The ongoing saga of Clearwire has taken yet another turn as the independent shareholder firm Glass Lewis & Co. has recommended that minority shareholders in the Bellevue broadband wireless company vote against the increased offer from Sprint. The move comes a day after Crest Financial, which holds eight percent of Clearwire’s stock, claimed that Clearwire “stacked the deck” in Sprint’s favor.
That’s also the conclusion that Glass Lewis, a leading governance and proxy voting firm, has drawn. The decision comes a week after Sprint boosted its offer for the remaining shares of Clearwire that it doesn’t already own to $3.40 per share.
“Indeed, the undercurrent of the improved bid seems to reinforce many of our doubts about the original transaction process, and, in doing so, does little to off-set our belief that the board has failed to ensure the Sprint bid represents the greatest possible opportunity from the perspective of minority shareholders,” wrote the firm.

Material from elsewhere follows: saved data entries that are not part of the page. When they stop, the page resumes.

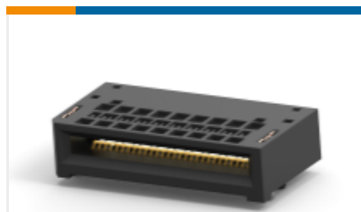
TE Part #2327672-1 RECEPT ASSY, RA, 56 POS, SLIVER 2.0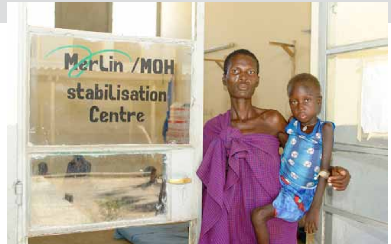
Feeding station in Kenya

Even without climate change, food prices will rise - driven by population and income growth and biofuels demand - but climate change exacerbates the extent of the increase. Prices will climb for the world's staple crops. Without climate change, 2050 wheat prices increase by almost 40 percent; climate change adds an additional 90 percent. Rice is projected to increase 60 percent without climate change and an additional 12 to 14 percent with climate change. 2050 maize prices are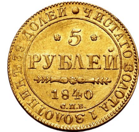
545. Russia, Empire. Nicholas I AV 5 Rouble. St. Petersburg mint, 1840. Alexei Chadov, mintmaster. Crowned double-headed imperial eagle facing, wearing shield on breast depicting St. George slaying the dragon, with shields arranged across wings, and holding sceptre and orb; crown above, А-Ч across fields below / * ЧИСТАГО ЗОЛОТА 1 ЗОЛЮТНИКЪ 39 ДОЛЕЙ, denomination above date, С. П. Б. below, two flowers across upper fields. Bitkin 17. 6.48g, 23mm, 12h.

NGC graded UNC Details, rev. spot removed (#6674411-005).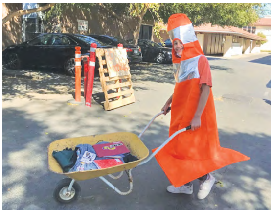
Class Themed Dress Up Days, Freshman

dress-up days, spirit rallies, class competitions, and a homecoming football game and dance. The Spirit Week events, which were coordinated by the Paly ASB,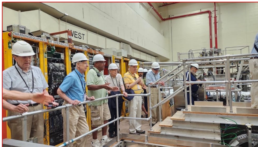
Tour of National Spherical Torus Experiment in Princeton

As we enter 2024, the Summit Old Guard is healthy, vigorous, and enjoyable. Our motto, " Come for the Programs. Stay for the Friends. " has never been more true!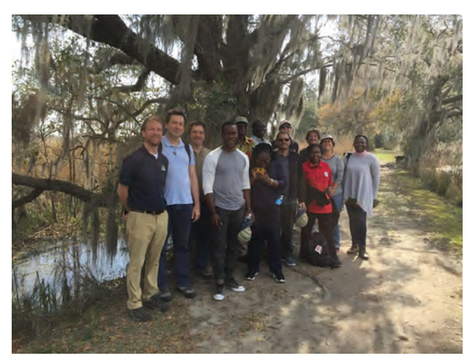
The conferees at the Charleston County Caw Caw Interpretive Center.

Around the conference table and onsite within GRCA there was frank discussion between US/ICOMOS representatives and park management, tribal groups and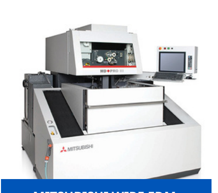
MITSUBISHI WIRE EDM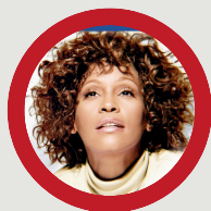
"JOY TO THE WORLD" WHITNEY HOUSTON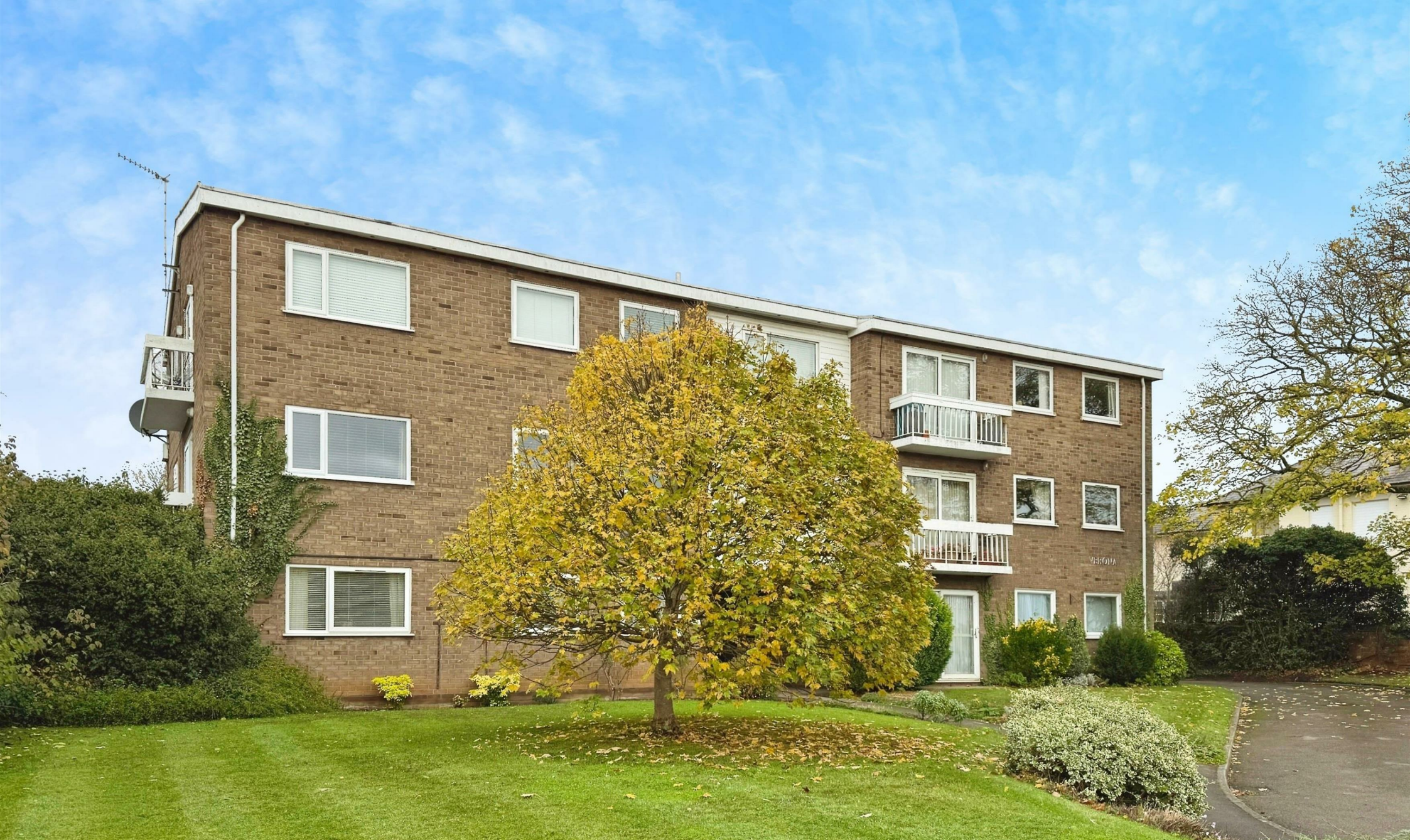
Warwick Court, Warwick Road , Stratford-upon-Avon, CV37 6YE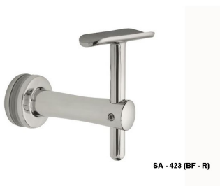
SA - 423 (BF - R)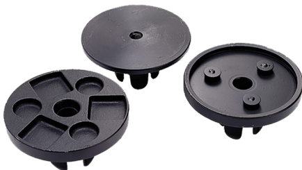
Base-plate to hold abrasive tools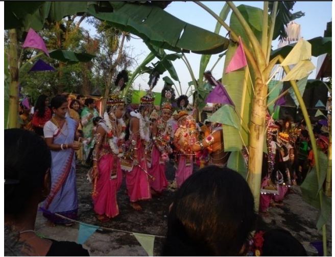
14. The Rakhal Dance of Bishnupriya Manipuri, Lord Srikrishna with the Gopals on 23 Nov 2018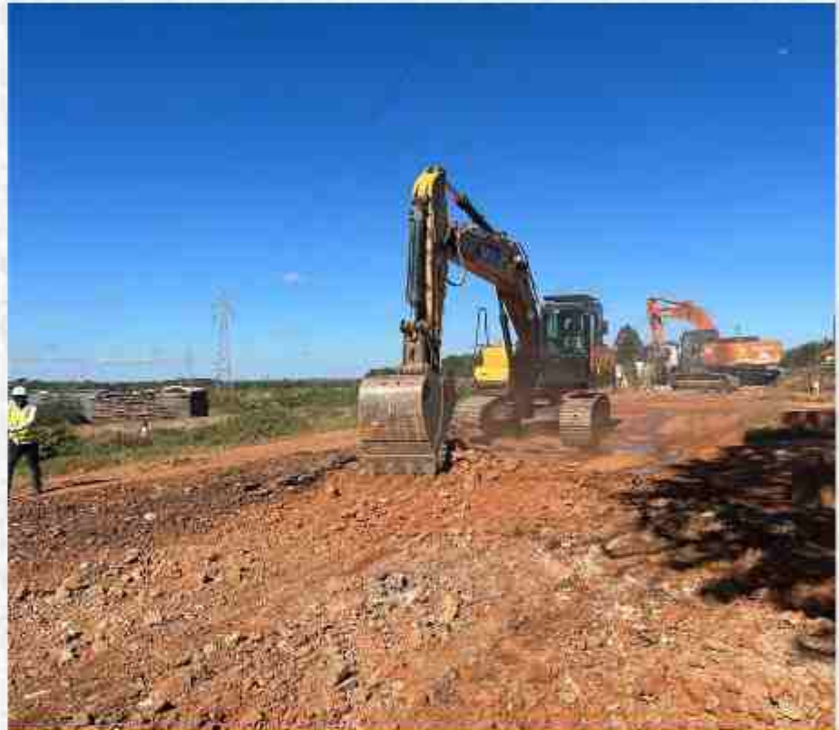
Clearing and grubbing works in progress on the Chibuluma Road in Kitwe.

The following were the planned works in May 2024: Clearing and grubbing, relocation of services, construction of pipe culverts, construction of the box culvert, earthworks, roadbed preparation, cement stabilised subbase construction, construction of concrete lined drains and construction of the rigid concrete pavement.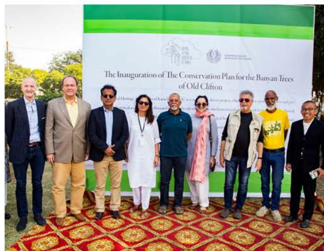
Fig. 3.2 NIIAK Team along with the foreign delegation at the event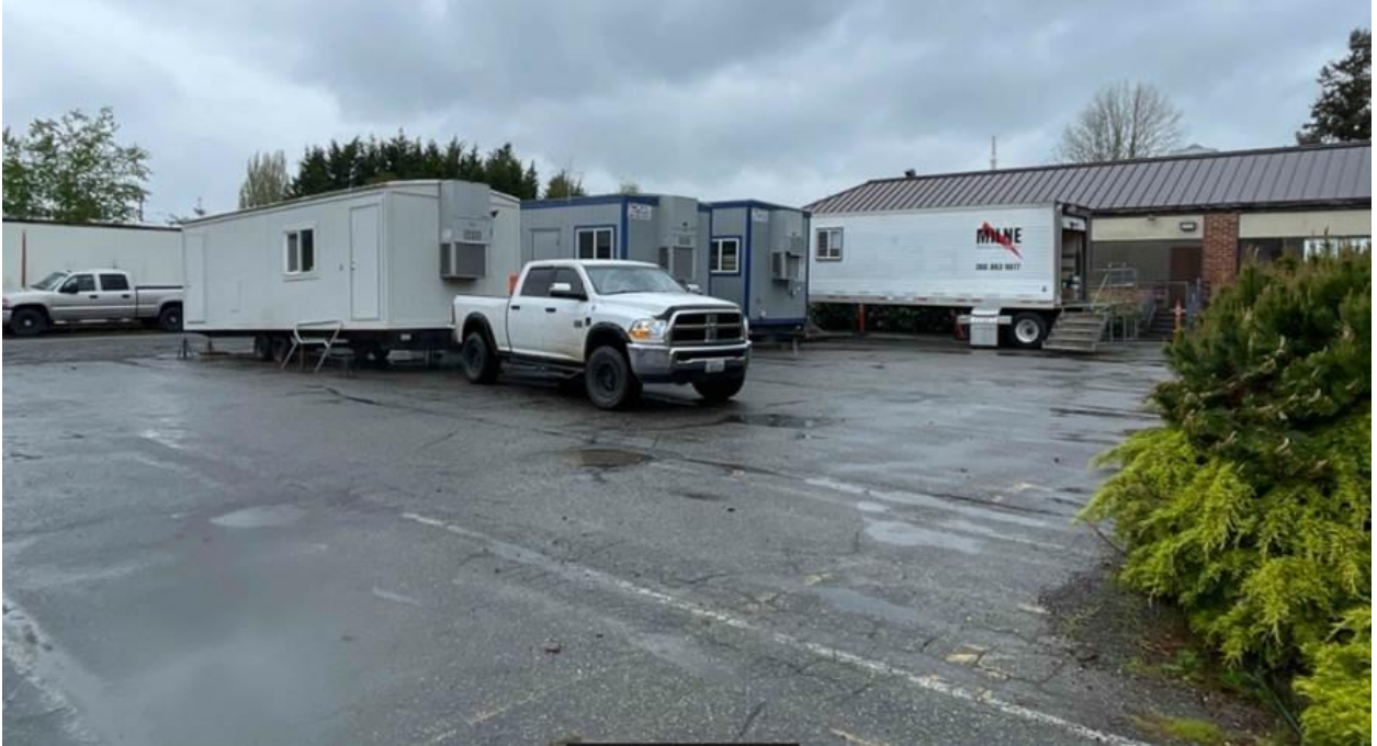
Construction trailers being relocated to new parking area between Old Main and CTE Wing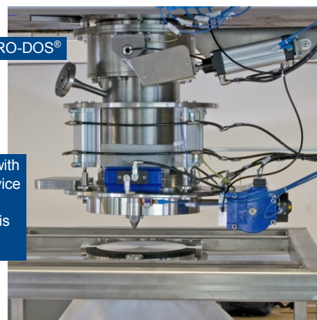
Open fill head with lifted upper valve part, both valve halves are closed.

Active flap (above) with pneumatic lifting device Passive flap (below) is part of the container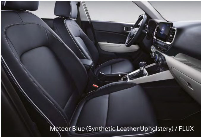
Meteor Blue (Synthetic Leather Upholstery) / FLUX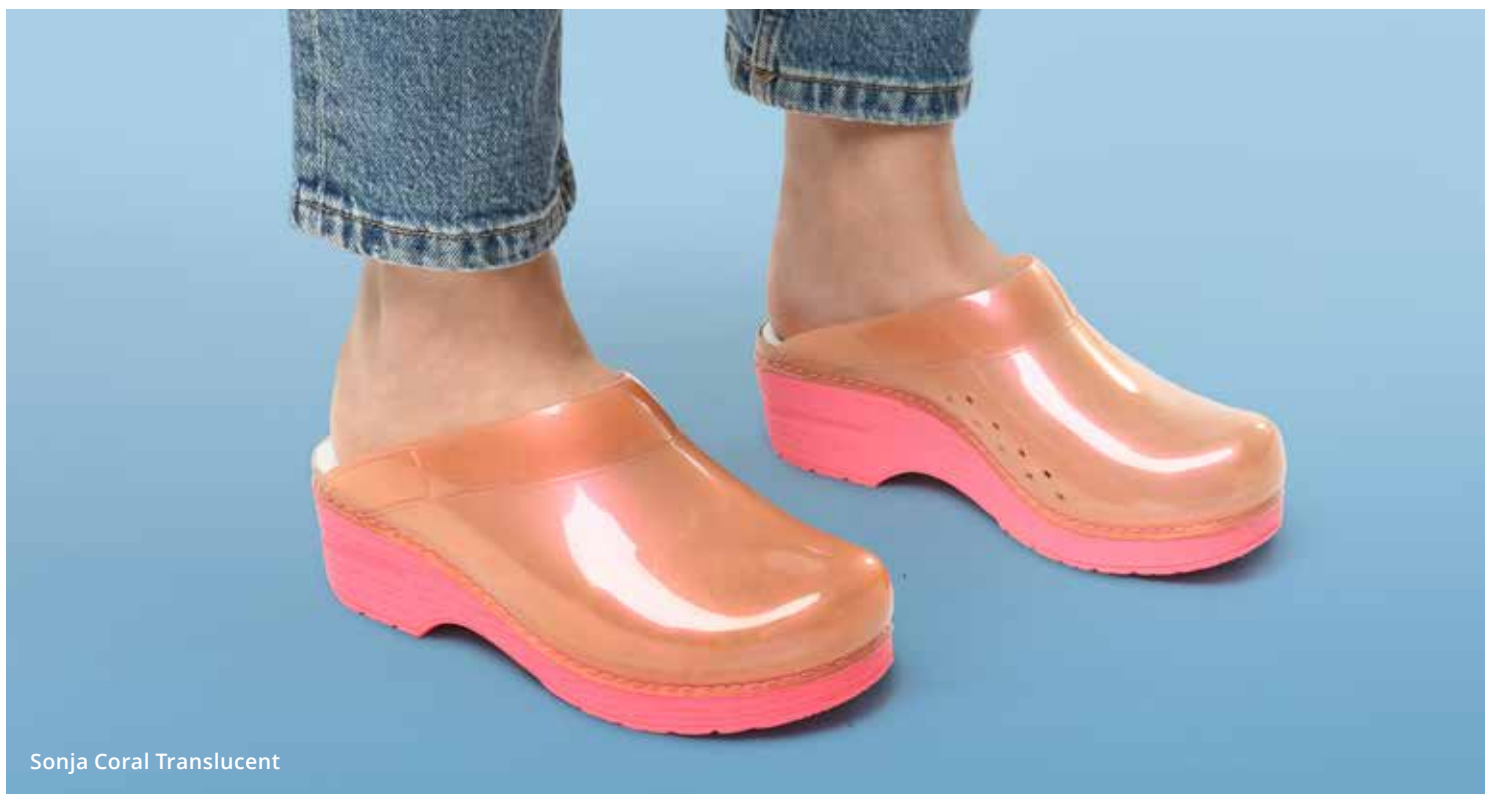
Sonja Coral Translucent

Clearwire today issued a statement saying that Glass Lewis’ “superficial” analysis was “fundamentally flawed and inaccurate.”
“The report also demonstrates a complete lack of understanding of Clearwire’s existing governance structure and erroneously assesses the value of the company’s proposed transaction with Sprint,” the response from Clearwire’s board said.
Clearwire’s board stressed that shareholders should vote for the Sprint deal on May 31, which represents a 14 percent premium over Sprint’s previous offer. They also pointed out that two other leading proxy firms — Institutional Shareholder Services and Egan-Jones — have recommended that investors vote for the deal.
“When the facts of Clearwire’s current situation are honestly and accurately assessed, it becomes clear that Sprint’s increased offer price represents fair, certain and attractive value and the best option for the company and minority stockholders,” the company wrote today in a response to the Glass Lewis report.